What does Fisk actually say in his piece? When Fisk discusses the Bali attacks, he refers to Australian support for the War on Terror, then says this: “It’s a fair bet that yesterday’s savagery was al-Qa’ida hitting back.” Sullivan, of course, agrees with the judgments expressed in that statement. But he doesn’t like Fisk’s opposition to Bush, so—smearing away, as he does so instinctively—he tries to make it sound like Fisk approves of the latest group slaughter.

This slimy man shows no sign of stopping—all who stand in his way must be smeared. Andrew Sullivan keeps emerging as one of the nastiest characters in our public discourse. There’s nothing so stupid that Smear Boy won’t say it; no insinuation so slimy he won’t toss it out. It’s amazing to think that so ugly a man was editor of one of our great publications. Socrates warned about people like this. Why, oh why, does the insider press corps keep taking this small man so seriously?

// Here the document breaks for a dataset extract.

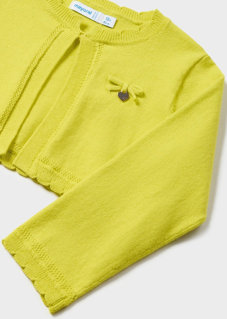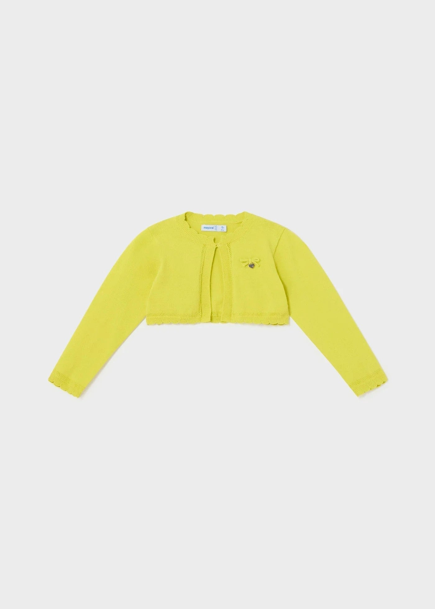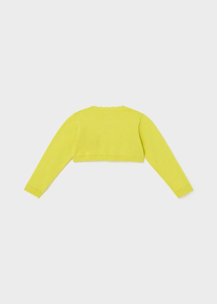 Brighten up her wardrobe with this cheerful yellow knit cardigan. Designed with a cropped silhouette, it features delicate scalloped edging, a front tie closure, and a sweet embroidered bee detail for an extra touch of charm. Lightweight yet cozy, it’s the perfect layering piece over dresses, tops, or rompers. Item 302
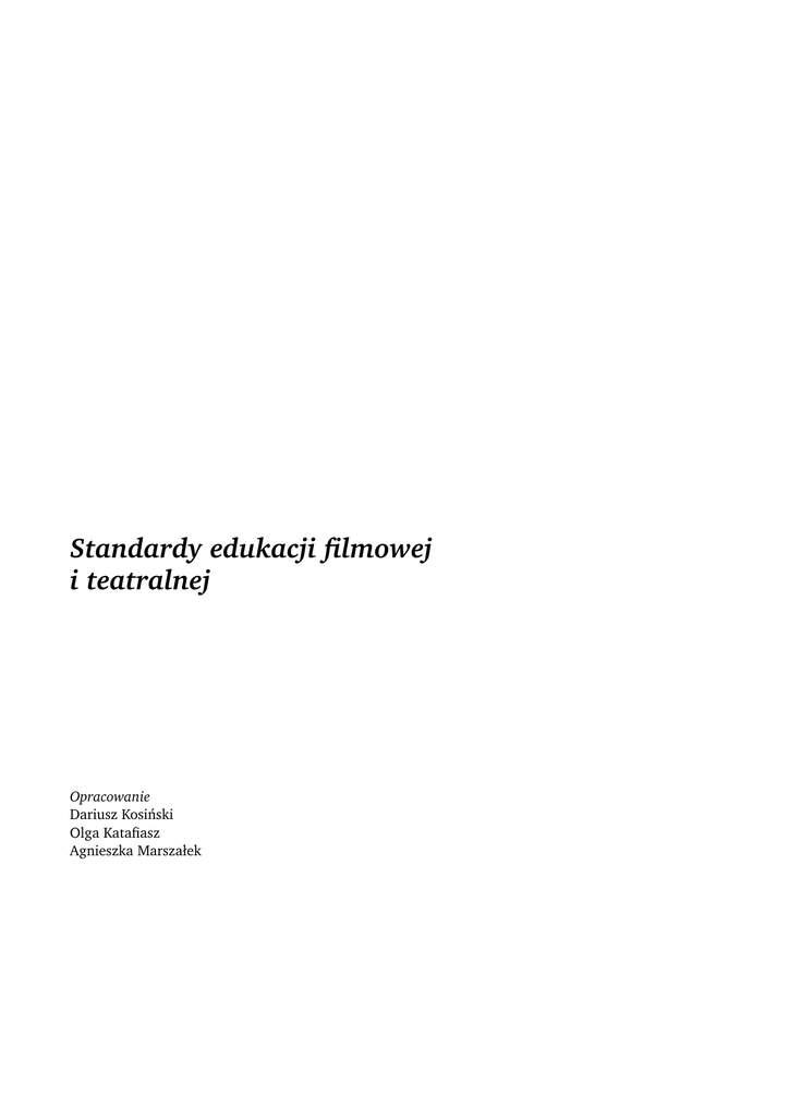 Standardy edukacji filmowej i teatralnej Opracowanie Dariusz Kosiński Olga Katafiasz Agnieszka Marszałek Wprowadzenie Edukacja filmowa i teatralna wraz z zaliczana˛ do tej samej cz˛eści edukacji kulturalnej edukacja˛ medialna˛ stanowia˛ rozległy i bardzo zróżnicowany obszar kształcenia. Z jednej strony obejmuja˛ określony zakres wiedzy praktycznej, teoretycznej i historycznej, dotyczacej ˛ rozległej dziedziny dorobku artystycznego ludzkości, z drugiej – stanowia˛ przestrzeń rozwijania umiej˛etności przydatnych, a nawet niezb˛ednych we współczesnym życiu. Aspekt ten jest szczególnie ważny w przypadku edukacji teatralnej jako narz˛edzia oswajania z sytuacja˛ publicznego wyst˛epu i kształtowania umiej˛etności w niej wykorzystywanych (dykcja, mimika, j˛ezyk ciała, panowanie nad emocjami), a także wyrabiania nawyku pracy zespołowej i radzenia sobie z problemami zwiazanymi ˛ z jej organizacja. ˛ Z kolei edukacja filmowa i medialna ma w pierwszym rz˛edzie na celu wykształcenie świadomego i krytycznego odbioru, umiej˛etności posługiwania si˛e narz˛edziami dostarczanymi przez współczesna˛ technik˛e, skutecznego znajdowania własnej drogi w gaszczu ˛ współczesnych mediów. Oczywiste jest, że nie każda uczennica i nie każdy uczeń zostanie aktorem, dramatopisarzem, reżyserem czy scenarzysta, ˛ każda i każdy jednak b˛edzie aktorem życia codziennego i publicznego oraz odbiorca˛ niezliczonych spektakli teatralnych, filmowych i medialnych. Stwierdzona już dawno przez socjologi˛e i antropologi˛e spektakularyzacja współczesnej, ponowoczesnej i globalnej kultury sprawia, że edukacja w zakresie, którego dotycza˛ niniejsze standardy, wydaje si˛e szczególnie ważna nie tyle w swym wymiarze „encyklopedycznym”, zwiazanym ˛ z określonymi zasobami wiedzy, ile w wymiarze praktycznym. W zwiazku ˛ z tym w edukacji teatralnej i filmowej szczególny nacisk powinien zostać położony na różnorodne formy praktyk aktorów, reżyserów i widzów. Wiaże ˛ si˛e to przede wszystkim z upowszechnieniem i rozwini˛eciem możliwości praktycznej pracy teatralnej na poziomie klasy i szkoły. Teatr jawi si˛e w perspektywie współczesnego życia jako szczególnie cenne narz˛edzie ekspresji, uświadamiania i rozwiazywania ˛ własnych problemów oraz budowania interakcji bezpośrednich z partnerami i widzami. W przypadku dzieci i młodzieży Wprowadzenie 17 szczególnie cenna wydaje si˛e możliwość swoistego „wypróbowywania” różnego rodzaju ról, zachowań i postaw, co może pozwolić na podejmowanie bardziej świadomych decyzji w przyszłości. Nie należy także lekceważyć oferowanej przez praktyczna˛ edukacj˛e teatralna˛ możliwości zwi˛ekszenia stopnia świadomości własnego ciała, nauki panowania nad soba, ˛ technik relaksacyjnych i koncentracyjnych, poprawy jakości wymowy (co ważne nie tylko u młodszych dzieci) oraz umiej˛etności autoprezentacji. Kluczowa rola w tym procesie „reedukacji” przypaść powinna „teatrowi samorodnemu”, powstajacemu ˛ z potrzeby i według zasad samych uczniów. Zasadniczo chodziłoby wi˛ec o to, by szkoła lub współpracujacy ˛ z nia˛ dom kultury stwarzały warunki i pomagały w pracy, pełniły funkcje doradcze, a nie wyznaczały zasady, tematy, nie decydowały o estetyce etc. Oczywiście konieczne jest zachowanie pewnej równowagi, niemniej jednak punktem wyjścia jest inspirowanie i umożliwianie podejmowania działań samodzielnych. Zarówno w odniesieniu do edukacji teatralnej, jak i filmowej, ogromnie ważne jest kształtowanie świadomości odbiorczej – uwrażliwienie na nieprzezroczystość mediów, konwencji i zabiegów dramaturgicznych i reżyserskich czy szeroko rozumianego montażu. Szczególnie ważna wydaje si˛e w tym kontekście edukacja medialna, nastawiona na kształtowanie zasad efektywnego korzystania z mediów, zwłaszcza elektronicznych, oraz unikania zwiazanych ˛ z nimi zagrożeń. Jeśli zgodzić si˛e z przekonaniem, że jedna˛ z sił zagrażajacych ˛ współczesnej kulturze jest rosnaca ˛ bierność jej odbiorców, zamieniajacych ˛ si˛e w bezwolnych konsumentów, to przeciwstawienie si˛e temu trendowi poprzez wychowanie świadomych widzów i słuchaczy wydaje si˛e sprawa˛ wr˛ecz priorytetowa. ˛ Wzbogacenie tego projektu o umiej˛etność i pasj˛e samodzielnego tworzenia przedstawień (co niekoniecznie wieść musi do zawodowstwa) pozwolić może na odnowienie ruchu amatorskiej działalności teatralnej, filmowej i medialnej – ruchu twórczej odpowiedzi na zmiany zachodzace ˛ w życiu i współczesnej kulturze. Dla osiagni˛ ˛ ecia tych dalekosi˛eżnych celów konieczne jest rozpocz˛ecie procesu swoistej reedukacji, polegajacego ˛ w pierwszej kolejności na likwidacji przekonania o „odświ˛etnym” i wyjatkowym ˛ charakterze kultury teatralnej i (w mniejszym stopniu) filmowej. Rozwój różnego typu warsztatów i przedstawień szkolnych wraz ze sta- 18 Standardy edukacji filmowej i teatralnej łymi i regularnymi kontaktami z życiem teatralnym i filmowym ma na celu likwidacj˛e fałszywego przekonania o nieprzystawalności teatru i filmu do problemów codziennego życia. Przeciwstawiajac ˛ si˛e mu, należy dażyć ˛ do stałego odwoływania si˛e do codziennych doświadczeń uczniów i praktycznego wykorzystywania środków artystycznych właściwych teatrowi i filmowi, mogacych ˛ służyć ich rozwiazywaniu. ˛ W ten sposób edukacja teatralna i – w nieco mniejszym stopniu – filmowa stać si˛e może przestrzenia˛ kształtowania osobowości uczniów, wyposażajac ˛ ich w umiej˛etności praktyczne, a także pozwalajac ˛ na zdobycie cennych doświadczeń w formie bezpiecznej, uj˛etej w nawias „trybu przypuszczajacego”. ˛ Ważnym aspektem edukacji teatralnej i filmowej w proponowanym kształcie jest uwrażliwienie młodych widzów i przyszłych uczestników życia kulturalnego na różnorodność jego form

ONE OF THE STUPIDEST MEN OF OUR TIME: Sullivan’s stupidity is never-ending, generally serving as a pretext for misstatements against those he opposes. For example, read his treatment of the Human Rights Campaign in last Friday’s posting. Sully criticizes HRC for its take on that controversial ad in Montana. “HRC doesn’t come out and say that this was a homophobic ad,” he writes. They don’t? Here are the opening paragraphs of the press release to which Sullivan links:

HUMAN RIGHTS CAMPAIGN PRESS RELEASE:
WASHINGTON—The Human Rights Campaign today criticized a negative ad by the Democratic Party of Montana that is widely seen as bringing into question the sexual orientation of Republican state Sen. Mike Taylor.

Earlier this week, Taylor ended his bid for the U.S. Senate against incumbent Sen. Max Baucus, D-Mont., citing the effect of the ad on his campaign.

“HRC deplores any attempt to make a political issue of a candidate’s real or perceived sexual orientation,” said HRC Political Director Winnie Stachelberg. “This type of ad has no place in politics, it is an affront to gay people and we hope we have seen the last of this campaign tactic.”

Later on in its press release, HRC further criticized the ad. “HRC also sent a letter this morning to Montana Democratic Party Executive Director Brad Martin, expressing deep concern with the tone of the ad,” the group wrote. But—parsing hard for all he’s worth; as Clintonian as the greatest of all Clinton caricatures—Sully pretends that the HRC just couldn’t make up its mind on this ad. In best gonzo fashion, Sully says that the phrase “any attempt” in the passage we quote is a “weasel word” which “leav[es] the possibility open that this ad was a genuine and non-homophobic one.” Remember: The person who puts such clowning into print was once editor of the great New Republic.

Sullivan is fairer to the HRC than he is to Gore or Fisk. But his presentation is utterly silly. What is truly amazing about his HRC piece? This silly spinning of the HRC statement is Sullivan at his fairest and best!

ADDENDUM: GOOFUS STRIKES AGAIN:
Those who subscribe to Salon’s premium service should check out Sullivan’s essay today. In it, he lambastes Harold Meyerson for daring to say that Reagan “appeased” the Soviets. In fact, he calls Meyerson’s statement the “Idiocy of the Week.”

Sully works himself into his Standard Lather over Meyerson’s statement. But isn’t it perfectly obvious, from everything said in his piece, that Meyerson is speaking ironically? Meyerson’s claim is very clear: Deterrence—which he proposes in the case of Iraq—is not a form of “appeasement.” When he says that deterrence worked with the Soviets, he calls it “appeasement”—ironically. But Crazy Boy—missing Myerson’s point and tone altogether—assails his statement as the week’s leading “idiocy.” The actual idiocy involved in this piece? The fact that Salon stooped to print it.